Reproduce the records below exactly; no pictures.

▶ _Input records_
____________________
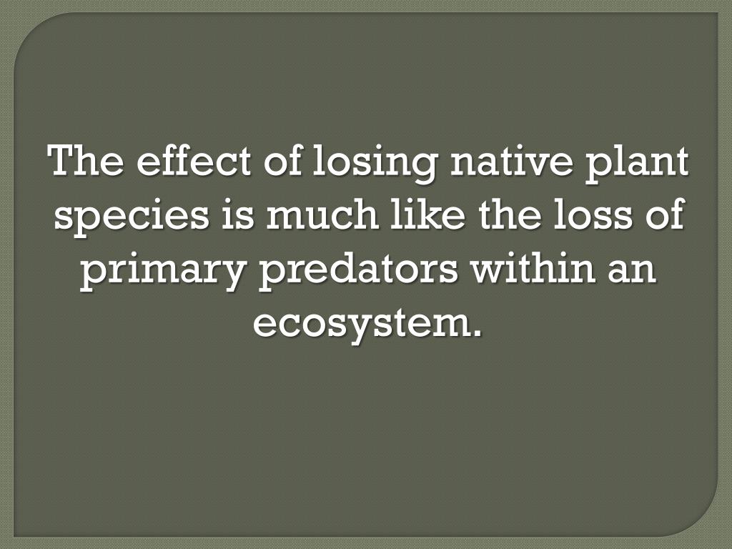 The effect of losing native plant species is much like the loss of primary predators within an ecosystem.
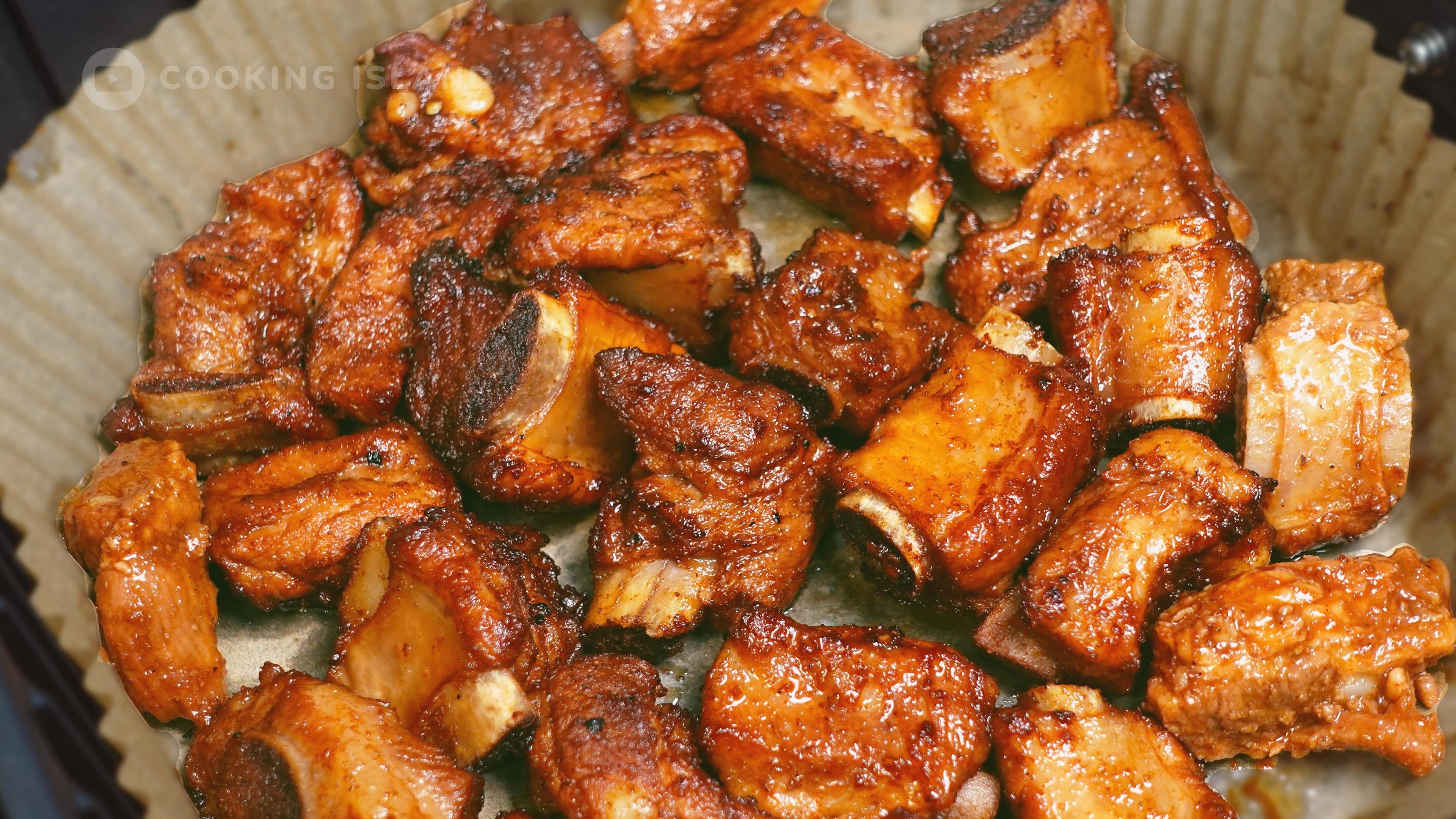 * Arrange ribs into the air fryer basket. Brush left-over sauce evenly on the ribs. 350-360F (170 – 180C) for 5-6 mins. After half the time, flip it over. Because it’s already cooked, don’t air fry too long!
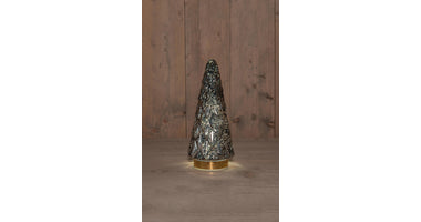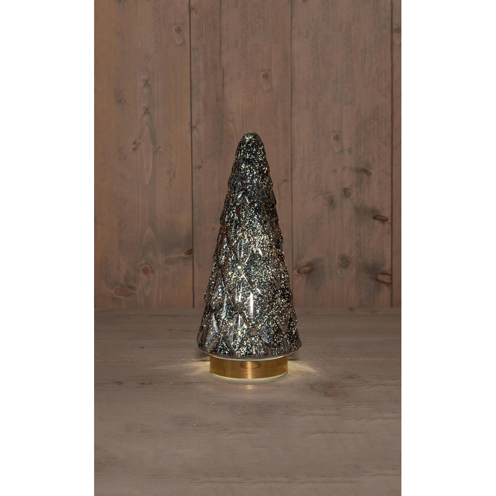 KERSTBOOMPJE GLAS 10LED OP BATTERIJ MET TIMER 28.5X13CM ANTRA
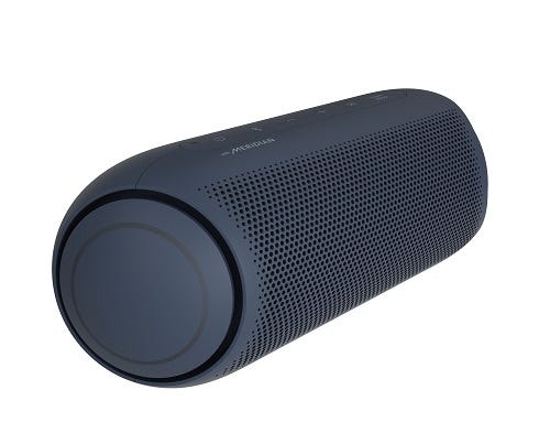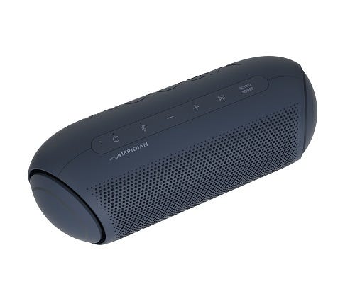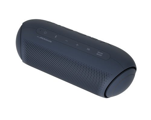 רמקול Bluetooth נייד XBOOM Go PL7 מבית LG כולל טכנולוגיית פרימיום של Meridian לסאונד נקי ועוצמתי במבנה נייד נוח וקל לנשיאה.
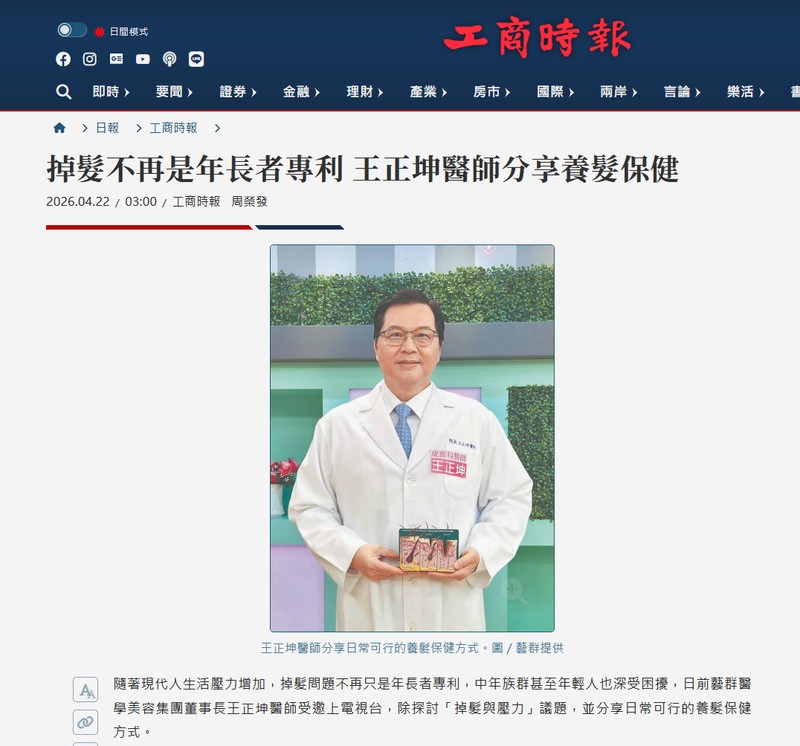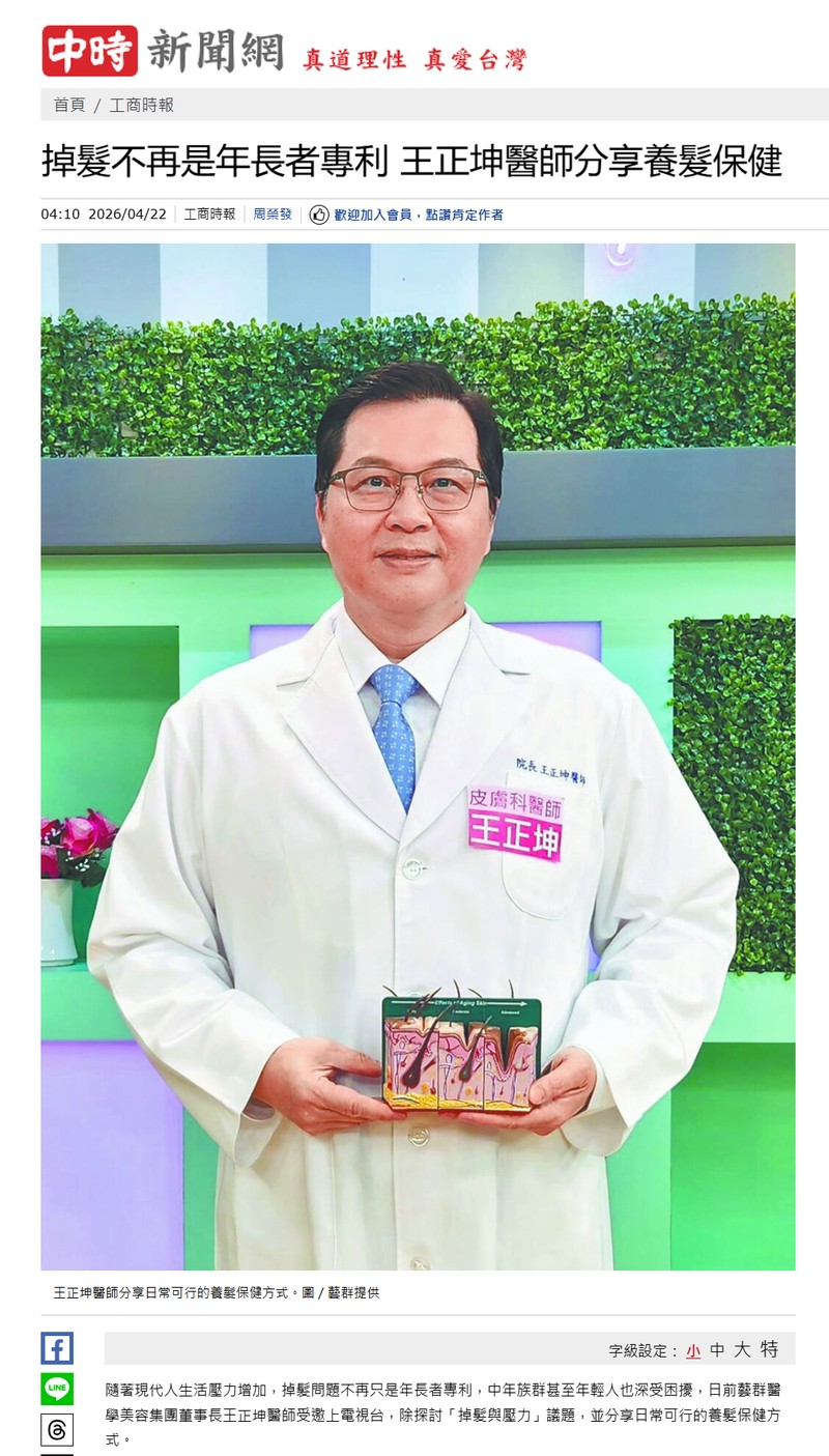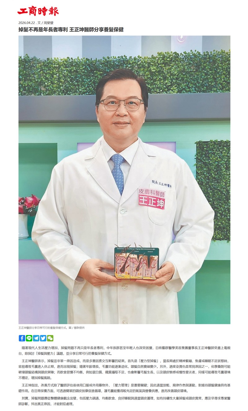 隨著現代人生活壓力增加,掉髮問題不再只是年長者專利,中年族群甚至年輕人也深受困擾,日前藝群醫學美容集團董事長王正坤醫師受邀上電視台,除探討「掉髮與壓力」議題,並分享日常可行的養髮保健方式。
____________________
▶ _Response to the exercise_
 The effect of losing native plant species is much like the loss of primary predators within an ecosystem.
 * Arrange ribs into the air fryer basket. Brush left-over sauce evenly on the ribs. 350-360F (170 – 180C) for 5-6 mins. After half the time, flip it over. Because it’s already cooked, don’t air fry too long!
 KERSTBOOMPJE GLAS 10LED OP BATTERIJ MET TIMER 28.5X13CM ANTRA
 רמקול Bluetooth נייד XBOOM Go PL7 מבית LG כולל טכנולוגיית פרימיום של Meridian לסאונד נקי ועוצמתי במבנה נייד נוח וקל לנשיאה.
 隨著現代人生活壓力增加,掉髮問題不再只是年長者專利,中年族群甚至年輕人也深受困擾,日前藝群醫學美容集團董事長王正坤醫師受邀上電視台,除探討「掉髮與壓力」議題,並分享日常可行的養髮保健方式。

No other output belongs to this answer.